What this task involves: Repeat exactly, and only, the lines below starting at the line that contains "В ходе рабочей" and ending at the line that contains "Kisa Wårdshus, Kisa", inclusive of both.

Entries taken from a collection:
----------
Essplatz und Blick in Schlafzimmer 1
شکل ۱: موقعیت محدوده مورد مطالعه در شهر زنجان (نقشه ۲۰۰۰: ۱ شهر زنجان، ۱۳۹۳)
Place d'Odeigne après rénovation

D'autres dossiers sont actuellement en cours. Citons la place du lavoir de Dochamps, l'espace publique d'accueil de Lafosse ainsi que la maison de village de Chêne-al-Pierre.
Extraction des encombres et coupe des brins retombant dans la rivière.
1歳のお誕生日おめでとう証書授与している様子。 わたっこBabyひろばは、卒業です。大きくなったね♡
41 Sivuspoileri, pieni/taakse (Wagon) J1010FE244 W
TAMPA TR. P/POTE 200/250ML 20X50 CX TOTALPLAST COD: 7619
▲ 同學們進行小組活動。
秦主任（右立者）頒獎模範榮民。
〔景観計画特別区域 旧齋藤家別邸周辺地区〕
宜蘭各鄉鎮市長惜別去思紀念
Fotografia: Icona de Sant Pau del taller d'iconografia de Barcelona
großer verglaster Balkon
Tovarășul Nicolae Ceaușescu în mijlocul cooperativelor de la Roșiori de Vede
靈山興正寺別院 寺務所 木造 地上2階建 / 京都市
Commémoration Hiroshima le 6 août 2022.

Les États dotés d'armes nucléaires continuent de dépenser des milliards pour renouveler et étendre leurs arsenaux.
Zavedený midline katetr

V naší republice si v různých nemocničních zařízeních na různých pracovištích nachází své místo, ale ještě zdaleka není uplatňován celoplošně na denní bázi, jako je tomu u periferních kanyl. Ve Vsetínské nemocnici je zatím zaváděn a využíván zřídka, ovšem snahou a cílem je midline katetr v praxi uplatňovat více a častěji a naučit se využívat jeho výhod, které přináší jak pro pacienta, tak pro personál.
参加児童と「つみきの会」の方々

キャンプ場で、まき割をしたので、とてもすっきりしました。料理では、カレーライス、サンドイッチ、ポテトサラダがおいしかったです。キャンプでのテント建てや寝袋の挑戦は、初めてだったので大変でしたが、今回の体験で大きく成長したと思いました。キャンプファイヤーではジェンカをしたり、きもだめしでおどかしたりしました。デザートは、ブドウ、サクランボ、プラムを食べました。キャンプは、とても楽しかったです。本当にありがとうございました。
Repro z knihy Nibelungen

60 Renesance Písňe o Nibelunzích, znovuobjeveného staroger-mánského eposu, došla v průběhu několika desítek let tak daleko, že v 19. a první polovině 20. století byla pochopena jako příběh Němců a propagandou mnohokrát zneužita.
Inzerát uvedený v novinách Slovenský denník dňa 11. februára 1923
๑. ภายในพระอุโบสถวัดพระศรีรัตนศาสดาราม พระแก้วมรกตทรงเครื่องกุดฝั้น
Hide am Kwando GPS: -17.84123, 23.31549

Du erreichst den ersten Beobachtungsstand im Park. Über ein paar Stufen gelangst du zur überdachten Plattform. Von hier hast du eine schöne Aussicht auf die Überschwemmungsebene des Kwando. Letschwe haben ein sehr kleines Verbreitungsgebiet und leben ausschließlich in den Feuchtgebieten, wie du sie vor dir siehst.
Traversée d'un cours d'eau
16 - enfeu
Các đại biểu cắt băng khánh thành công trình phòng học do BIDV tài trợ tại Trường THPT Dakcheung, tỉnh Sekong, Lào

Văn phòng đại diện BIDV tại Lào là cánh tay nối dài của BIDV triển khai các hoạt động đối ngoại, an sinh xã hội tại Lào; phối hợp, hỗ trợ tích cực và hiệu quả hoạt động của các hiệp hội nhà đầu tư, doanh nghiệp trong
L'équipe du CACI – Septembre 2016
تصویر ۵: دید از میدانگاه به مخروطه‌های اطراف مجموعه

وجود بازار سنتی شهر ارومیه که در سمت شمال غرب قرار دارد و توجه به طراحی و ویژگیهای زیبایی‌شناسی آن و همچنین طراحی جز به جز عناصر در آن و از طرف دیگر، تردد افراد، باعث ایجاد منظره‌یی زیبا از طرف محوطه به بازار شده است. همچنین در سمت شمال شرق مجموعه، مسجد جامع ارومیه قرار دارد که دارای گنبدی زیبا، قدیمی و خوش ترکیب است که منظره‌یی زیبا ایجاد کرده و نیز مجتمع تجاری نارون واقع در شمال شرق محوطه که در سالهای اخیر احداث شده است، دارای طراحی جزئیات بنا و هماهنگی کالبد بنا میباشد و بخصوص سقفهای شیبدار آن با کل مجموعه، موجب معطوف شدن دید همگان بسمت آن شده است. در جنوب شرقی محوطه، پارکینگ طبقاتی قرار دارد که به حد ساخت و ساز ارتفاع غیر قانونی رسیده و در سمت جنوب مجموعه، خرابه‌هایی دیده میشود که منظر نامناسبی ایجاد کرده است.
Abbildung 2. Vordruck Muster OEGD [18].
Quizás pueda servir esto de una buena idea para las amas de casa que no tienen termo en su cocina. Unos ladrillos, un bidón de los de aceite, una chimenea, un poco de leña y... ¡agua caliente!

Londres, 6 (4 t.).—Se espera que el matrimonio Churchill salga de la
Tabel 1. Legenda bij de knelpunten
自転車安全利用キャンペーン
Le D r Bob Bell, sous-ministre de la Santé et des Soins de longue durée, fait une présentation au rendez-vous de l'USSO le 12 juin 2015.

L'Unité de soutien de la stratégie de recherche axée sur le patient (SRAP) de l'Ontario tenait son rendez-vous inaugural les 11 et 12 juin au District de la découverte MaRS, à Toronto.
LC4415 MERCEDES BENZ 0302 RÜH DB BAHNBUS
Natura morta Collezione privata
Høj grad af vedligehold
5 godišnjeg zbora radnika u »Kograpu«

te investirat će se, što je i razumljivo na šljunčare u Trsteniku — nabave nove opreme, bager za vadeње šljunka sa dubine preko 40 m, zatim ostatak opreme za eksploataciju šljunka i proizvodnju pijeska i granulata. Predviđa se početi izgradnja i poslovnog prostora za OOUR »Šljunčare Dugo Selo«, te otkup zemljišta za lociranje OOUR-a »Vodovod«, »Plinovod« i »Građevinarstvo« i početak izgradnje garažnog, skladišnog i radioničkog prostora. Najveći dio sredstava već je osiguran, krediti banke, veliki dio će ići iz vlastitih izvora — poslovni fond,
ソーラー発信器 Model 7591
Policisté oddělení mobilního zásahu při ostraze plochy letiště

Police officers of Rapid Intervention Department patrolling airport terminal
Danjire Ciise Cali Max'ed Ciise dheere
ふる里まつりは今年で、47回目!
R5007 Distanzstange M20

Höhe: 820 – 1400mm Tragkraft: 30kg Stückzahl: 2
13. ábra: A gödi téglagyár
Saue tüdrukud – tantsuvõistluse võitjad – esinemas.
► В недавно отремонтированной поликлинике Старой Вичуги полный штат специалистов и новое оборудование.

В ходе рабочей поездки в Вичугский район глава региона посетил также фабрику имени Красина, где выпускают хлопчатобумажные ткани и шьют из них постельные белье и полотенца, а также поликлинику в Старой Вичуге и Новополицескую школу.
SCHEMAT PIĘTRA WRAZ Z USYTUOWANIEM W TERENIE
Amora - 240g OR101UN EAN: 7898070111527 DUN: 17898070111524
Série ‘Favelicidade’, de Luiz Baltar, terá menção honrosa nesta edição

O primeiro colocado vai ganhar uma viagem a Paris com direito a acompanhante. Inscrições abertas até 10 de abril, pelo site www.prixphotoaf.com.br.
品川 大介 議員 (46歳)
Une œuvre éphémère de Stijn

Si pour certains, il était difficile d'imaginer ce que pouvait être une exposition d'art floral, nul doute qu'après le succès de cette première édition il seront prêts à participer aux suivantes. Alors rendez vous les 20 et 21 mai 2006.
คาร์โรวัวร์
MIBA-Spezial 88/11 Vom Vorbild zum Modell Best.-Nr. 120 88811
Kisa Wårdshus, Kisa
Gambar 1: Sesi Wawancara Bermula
----------
Response box:
В ходе рабочей поездки в Вичугский район глава региона посетил также фабрику имени Красина, где выпускают хлопчатобумажные ткани и шьют из них постельные белье и полотенца, а также поликлинику в Старой Вичуге и Новополицескую школу.
SCHEMAT PIĘTRA WRAZ Z USYTUOWANIEM W TERENIE
Amora - 240g OR101UN EAN: 7898070111527 DUN: 17898070111524
Série ‘Favelicidade’, de Luiz Baltar, terá menção honrosa nesta edição

O primeiro colocado vai ganhar uma viagem a Paris com direito a acompanhante. Inscrições abertas até 10 de abril, pelo site www.prixphotoaf.com.br.
品川 大介 議員 (46歳)
Une œuvre éphémère de Stijn

Si pour certains, il était difficile d'imaginer ce que pouvait être une exposition d'art floral, nul doute qu'après le succès de cette première édition il seront prêts à participer aux suivantes. Alors rendez vous les 20 et 21 mai 2006.
คาร์โรวัวร์
MIBA-Spezial 88/11 Vom Vorbild zum Modell Best.-Nr. 120 88811
Kisa Wårdshus, Kisa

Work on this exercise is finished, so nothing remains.